By late the following afternoon, two of the older makers had lost the ability to swallow, and one was having trouble breathing. As Carro, one of Mari’s cronies from Obio’s patrol, held the man up in her lap in an effort to ease him, Dag knelt beside the bedroll and studied his labored gasps. Breathing this bad in a dying man was normally a signal to share, and soon. But was this fellow dying? Need he be? His thinning hair was streaked with gray, but he was hardly elderly; before this horror had fallen on him, Dag judged him to have been hale, lean and wiry. Artin was his name, Dag didn’t want to know, an excellent smith and something of a weapons-master. Under his own tracing fingers, Dag could read a lifetime of accumulated knowledge in the subtle calluses of Artin’s hands.

Mari blotted the face and hair of the nearby woman she had just spent several fruitless minutes trying to get water down, while the woman had writhed and choked. “If we can’t get more drink into them in this heat, they aren’t going to last anything like five more days, Dag.”

Carro nodded to the man in her lap. “This one, less.”

“I see that,” murmured Dag.

Saun paced about.

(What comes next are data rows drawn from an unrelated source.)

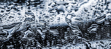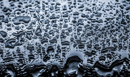 Liquid, wet and zen concept - Water texture abstract background, aqua drops on silver glass as science macro element, rainy weather and nature surface art backdrop for environmental brand design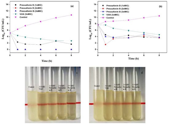 The time−kill kinetics assay of compounds 6 and 7 with different concentrations was carried out against MRSA-3. As shown in Figure 2 and Figure 3, both 6 and 7 showed rapid bactericidal activity. More specifically, the early exponential phase MRSA-3 could be completely eradicated by compound 6 (at 8 μg/mL (2× MIC) and 16 μg/mL (4× MIC); Figure 2a,c) and 7 (at 16 μg/mL (2× MIC) and 24 μg/mL (3× MIC); Figure 3a,c) within 1−2 h, and the growth of the stationary exponential phase MRSA-3 was also effectively prevented by compounds 6 (at 8 μg/mL and 16 μg/mL; Figure 2b,d) and 7 (at 16 μg/mL and 24 μg/mL; Figure 3b,d), respectively.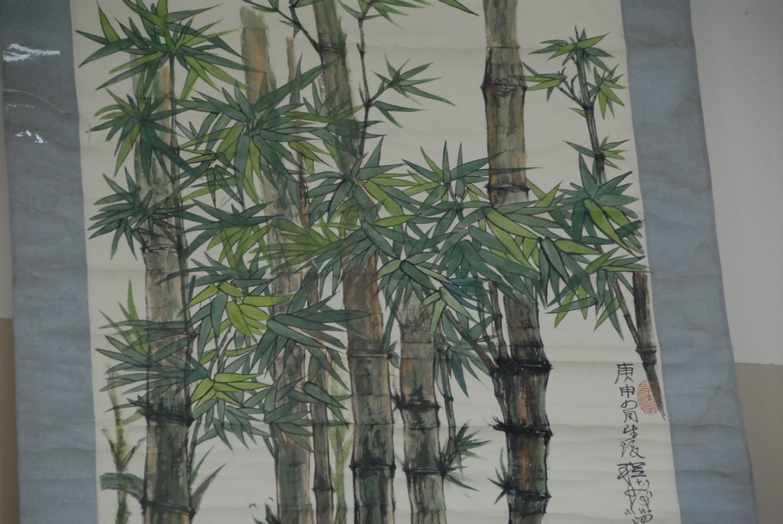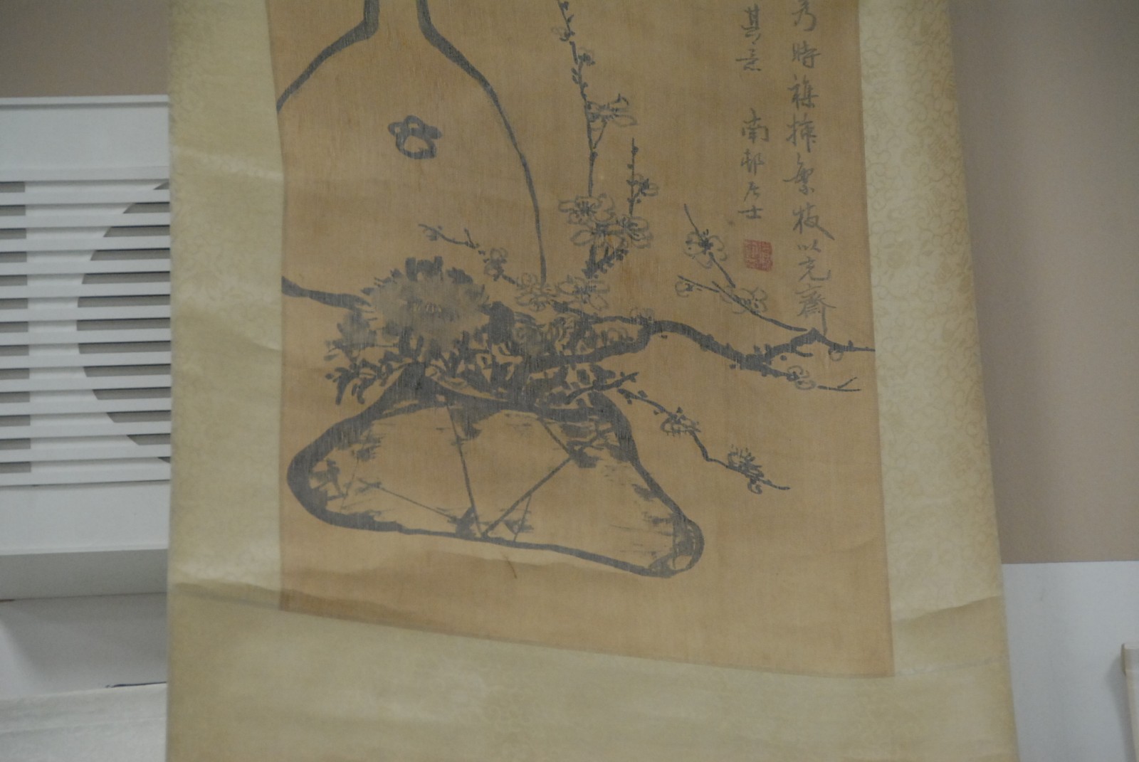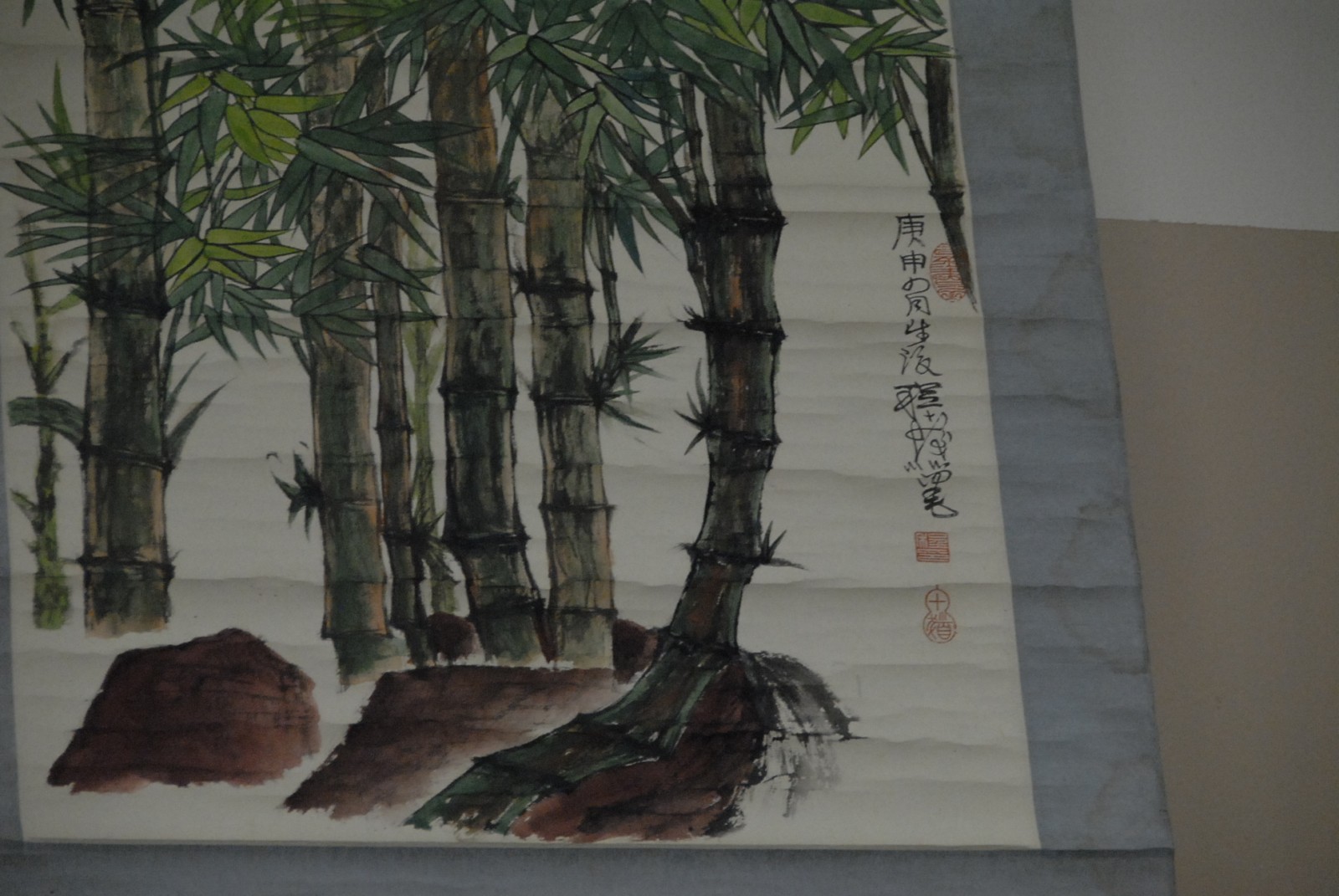 Two scrolls, one with vases of flowers, and one of bamboo trees.

Dag had guessed he would volunteer for the patrol lingering in Raintree to assist the refugees, and indeed he’d scorned an offer to ride back to Hickory Lake yesterday; but, taking his partnership with Dag seriously, he’d instead requested assignment to this duty. He slept in the now-reduced camp to the east off the blight, but lived at Dag’s left elbow in the daytime. Which would be a fine thing if only Saun acted less like a flea on a griddle in the face of these frustrations.

Now he declared, “We have to try something. Dag, you say you think these makers are still supporting the mud-men. If that’s so, doesn’t it make sense to cut off the load?”

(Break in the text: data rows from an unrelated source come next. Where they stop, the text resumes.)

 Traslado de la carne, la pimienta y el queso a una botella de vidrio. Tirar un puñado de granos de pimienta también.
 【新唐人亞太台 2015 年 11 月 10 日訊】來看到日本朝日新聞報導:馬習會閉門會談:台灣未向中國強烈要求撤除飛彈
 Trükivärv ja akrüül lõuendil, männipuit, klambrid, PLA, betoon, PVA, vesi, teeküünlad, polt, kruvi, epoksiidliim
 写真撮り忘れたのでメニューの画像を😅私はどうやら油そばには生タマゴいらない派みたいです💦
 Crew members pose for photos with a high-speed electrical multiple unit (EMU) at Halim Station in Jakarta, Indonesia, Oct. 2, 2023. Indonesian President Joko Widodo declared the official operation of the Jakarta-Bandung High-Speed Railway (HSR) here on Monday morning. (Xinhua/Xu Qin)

“Obio and Griff said they tried that,” said Dag patiently. “The results were pretty alarming, I gathered.”

“But no one died. It could be like one of Hoharie’s cuttings, hurting to heal.”

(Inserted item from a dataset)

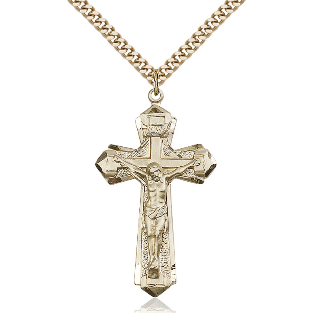 1 5/8 x 7/8 14kt Gold Filled Crucifix Pendant on a 24 inch Gold Plate Heavy Curb Chain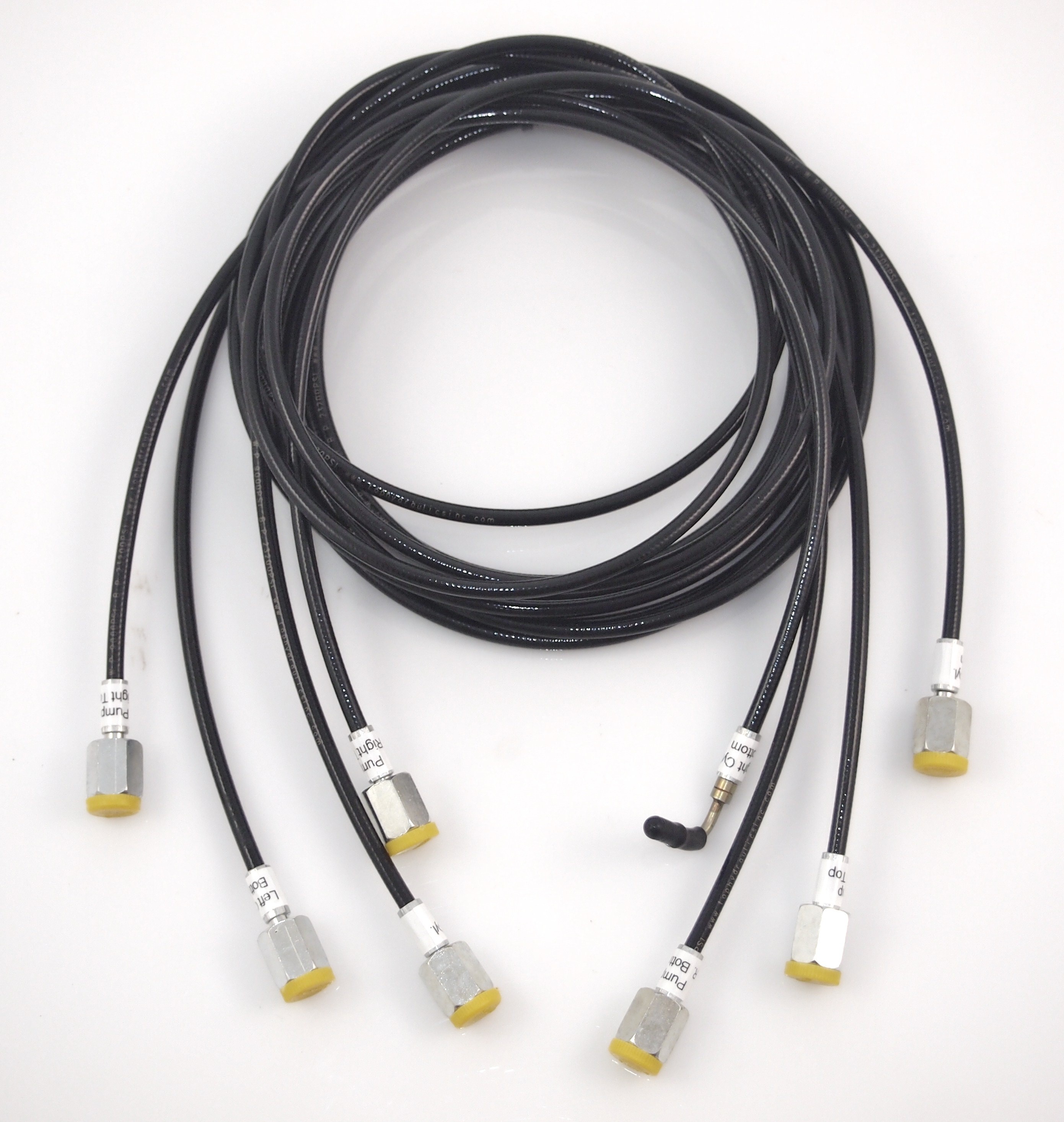 Top Hydraulics replaces the OEM hose material on your four rear convertible top hoses with far superior materials. The OEM hoses are rated at an operating pressure of 3,000 psi; Top Hydraulics manufactures these hoses with a rated burst pressure rating of 23,200 psi. The Jaguar system pressure peaks between 1,500 and 1,600 psi.

It was a shrewd argument, and it attracted Dag more than the prospect of just sitting here watching while these people suffered and failed. My company. He wasn’t quite sure how these Raintree makers had become honorary members of it in his mind, but they had. His three unconscious patrollers were the least depleted, so far, but Dag could see that wasn’t going to last.

“I admit,” Dag said slowly, “I’d like to see what happens for myself.” Although how much telling detail he was likely to observe with his groundsense closed was a bitter question. “Maybe…do one. And then we’ll see.”

Saun gave him a quick nod of understanding and went to fetch his sword. It was the same weapon that had put Saun in harm’s way back at Glassforge; Dag had heroically refrained from pointing out how useless the deadweight had been to Saun on this trip, too. But for dispatching mud-men in their pots, it would do nearly as well as a spear, and better than a knife.

Sword over his shoulder, Saun trod determinedly back through the grove and out toward the boggy patch, his boots squelching in the mud from last night’s rain. He slowed, trying to pick his way more cleanly upon clumps of dead grasses, and peered down into the mud pots with a look of curious revulsion.

The unformed monsters therein were in a revolting enough state, distorted past any hope of returning to their animal lives, and equally far from transformation to their mock-human forms. Innocent but doomed. Dag’s brow furrowed. So—if their transformation could somehow be completed, with the malice dead would they switch their slavish allegiance to the Lakewalker makers? It was a disturbing idea, as if Dag’s brain didn’t teem with enough of those already. The more disturbing for being seductive. Powerful subhuman servants might be used for a multitude of desperately needed tasks. Had the mage-lords of old made something like them? All malices seemed to hatch with the knowledge, not to mention the compulsion, of such makings, which suggested it was an old, old skill. But the mud-slaves presumably would require a continuous supply of ground reinforcement to live, making them lethally expensive to maintain.